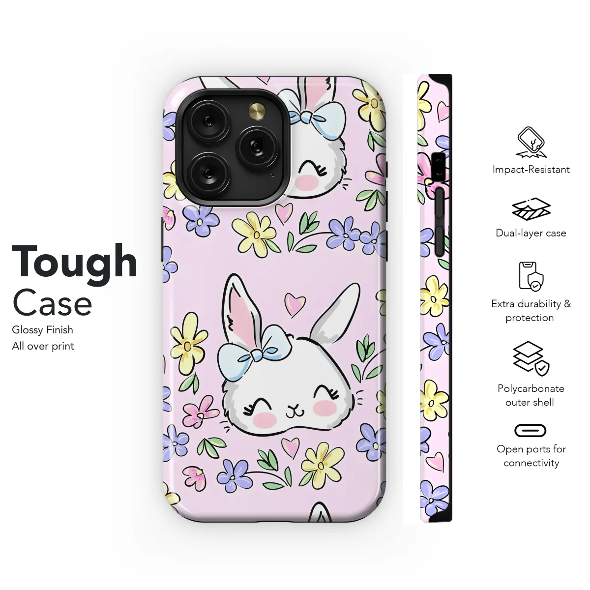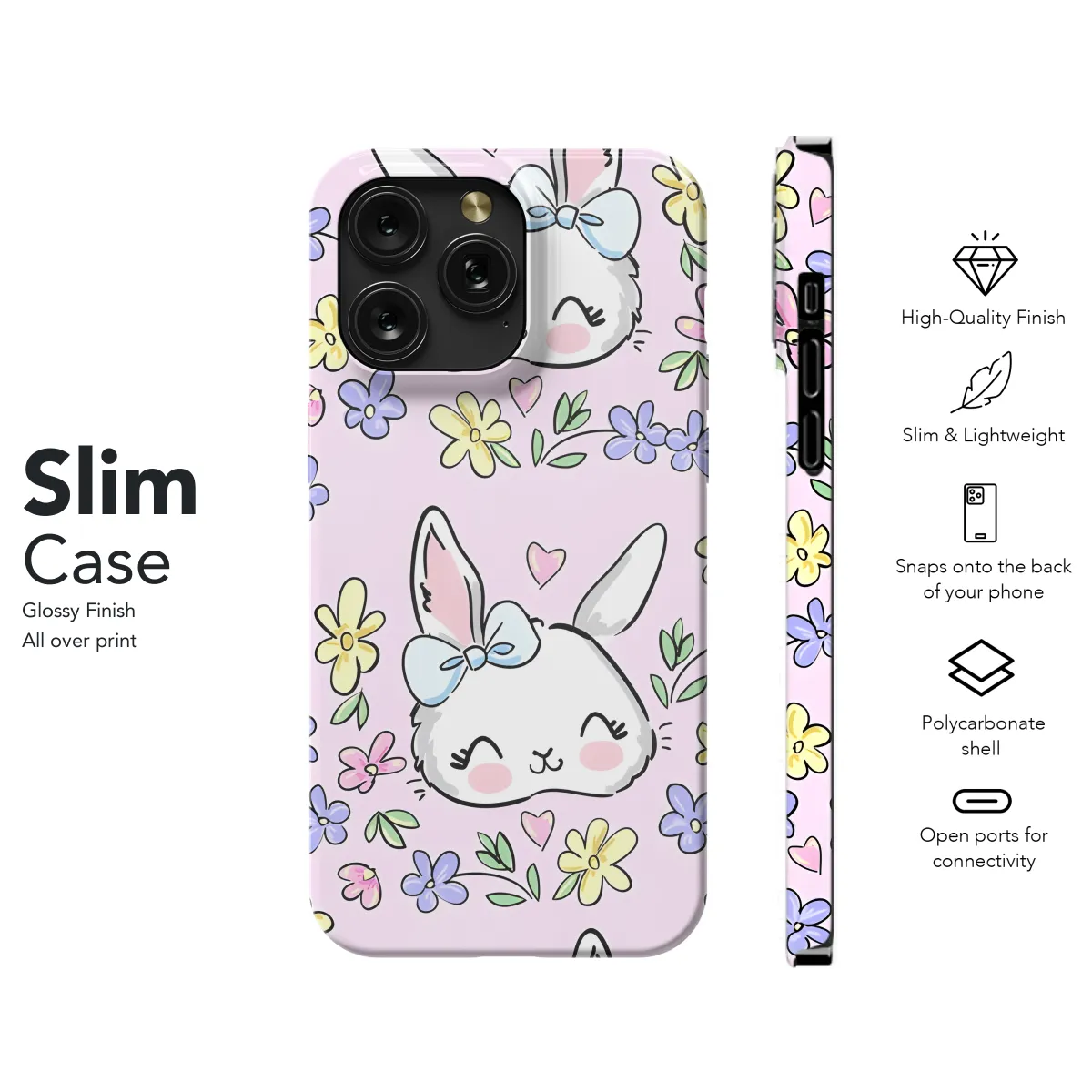 This adorable phone case featuring a cute rabbit adorned with flowers is the perfect way to add a touch of whimsy to your device. Whether you have an iPhone, Samsung, or Pixel, this cover will keep your phone safe while making it look stylish. The durable material protects against scratches and bumps, while the soft lining keeps your phone cozy. With its eye-catching design and protective features, this phone case is a must-have for any animal lover.
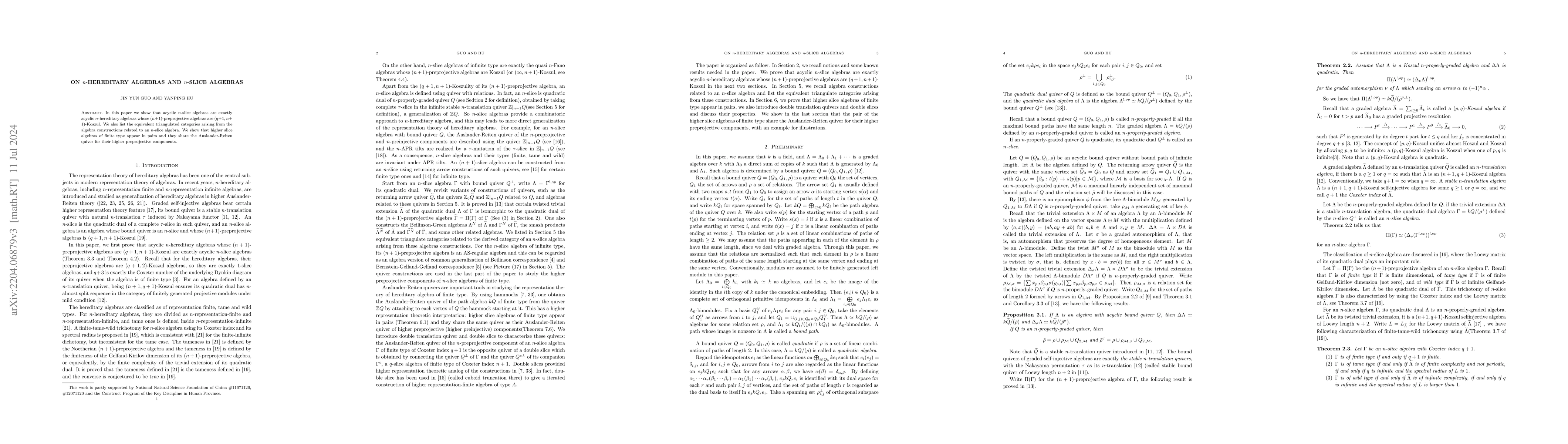This paper establishes that acyclic $n$-slice algebras are equivalent to acyclic $n$-hereditary algebras with $(n+1)$-preprojective algebras that are $(q+1,n+1)$-Koszul. It also identifies the triangulated categories associated with these algebra constructions and demonstrates that higher slice algebras of finite type occur in pairs sharing the Auslander-Reiten quiver.
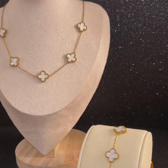 Hecho en acero inoxidable, con tréboles blancos que aportan un toque de lujo y estilo.
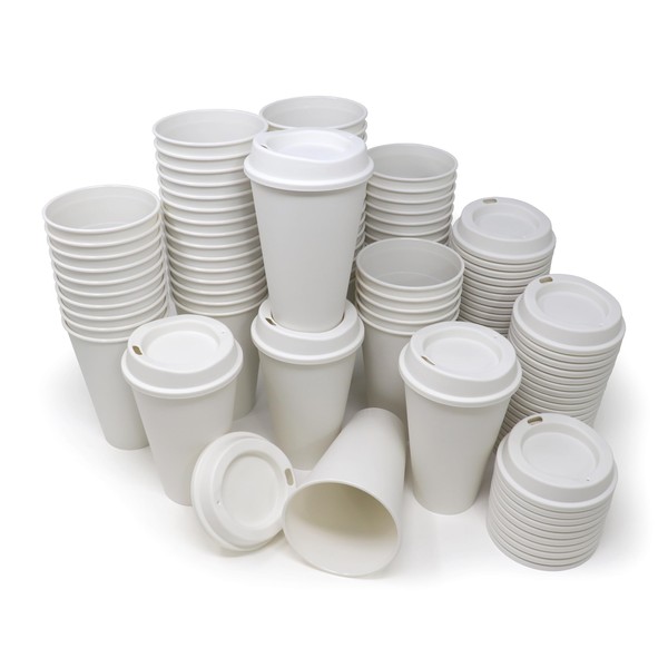 Rolling Sands USA Made 16 oz Reusable Coffee Cups with Lids 60 Pk, To Go Travel Cups, Hot or Cold Drinks, Dishwasher and Microwave Safe, White
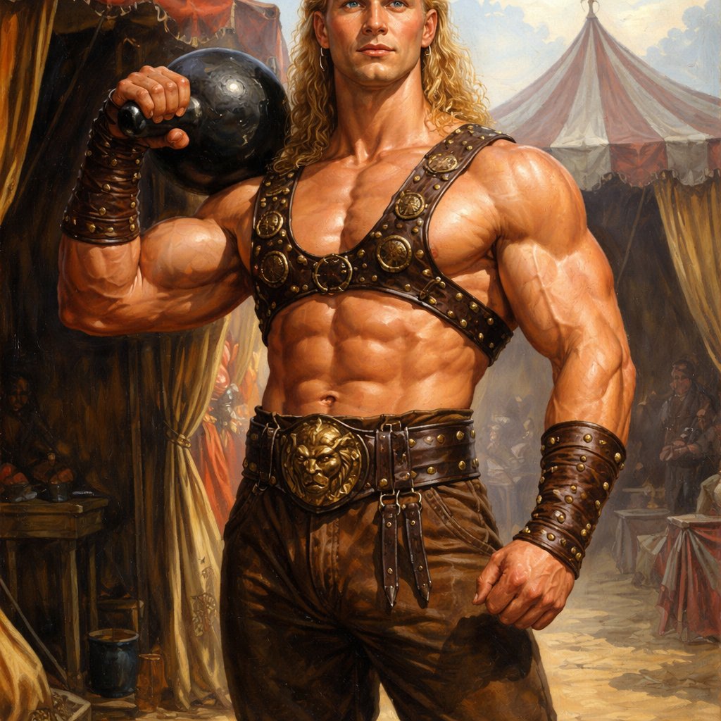 A tall muscular well~proportioned figure ”broad-shoulders, thick neck, giving an impression of sheer power“. His ”expression is often serene or determined, with deep-set blue eyes and strong brows, hinting at inner depth“. His haircut is a blonde mullet. He works at freak show as a strong man. His outfit consistsed of a gladiator like outfit but with brown pants.

**REQUIRED WORK:**
Repeat the records above exactly. Pictures do not belong in the copy.

**OUTPUT FOR THIS EXERCISE:**
 This adorable phone case featuring a cute rabbit adorned with flowers is the perfect way to add a touch of whimsy to your device. Whether you have an iPhone, Samsung, or Pixel, this cover will keep your phone safe while making it look stylish. The durable material protects against scratches and bumps, while the soft lining keeps your phone cozy. With its eye-catching design and protective features, this phone case is a must-have for any animal lover.
This paper establishes that acyclic $n$-slice algebras are equivalent to acyclic $n$-hereditary algebras with $(n+1)$-preprojective algebras that are $(q+1,n+1)$-Koszul. It also identifies the triangulated categories associated with these algebra constructions and demonstrates that higher slice algebras of finite type occur in pairs sharing the Auslander-Reiten quiver.
 Hecho en acero inoxidable, con tréboles blancos que aportan un toque de lujo y estilo.
 Rolling Sands USA Made 16 oz Reusable Coffee Cups with Lids 60 Pk, To Go Travel Cups, Hot or Cold Drinks, Dishwasher and Microwave Safe, White
 A tall muscular well~proportioned figure ”broad-shoulders, thick neck, giving an impression of sheer power“. His ”expression is often serene or determined, with deep-set blue eyes and strong brows, hinting at inner depth“. His haircut is a blonde mullet. He works at freak show as a strong man. His outfit consistsed of a gladiator like outfit but with brown pants.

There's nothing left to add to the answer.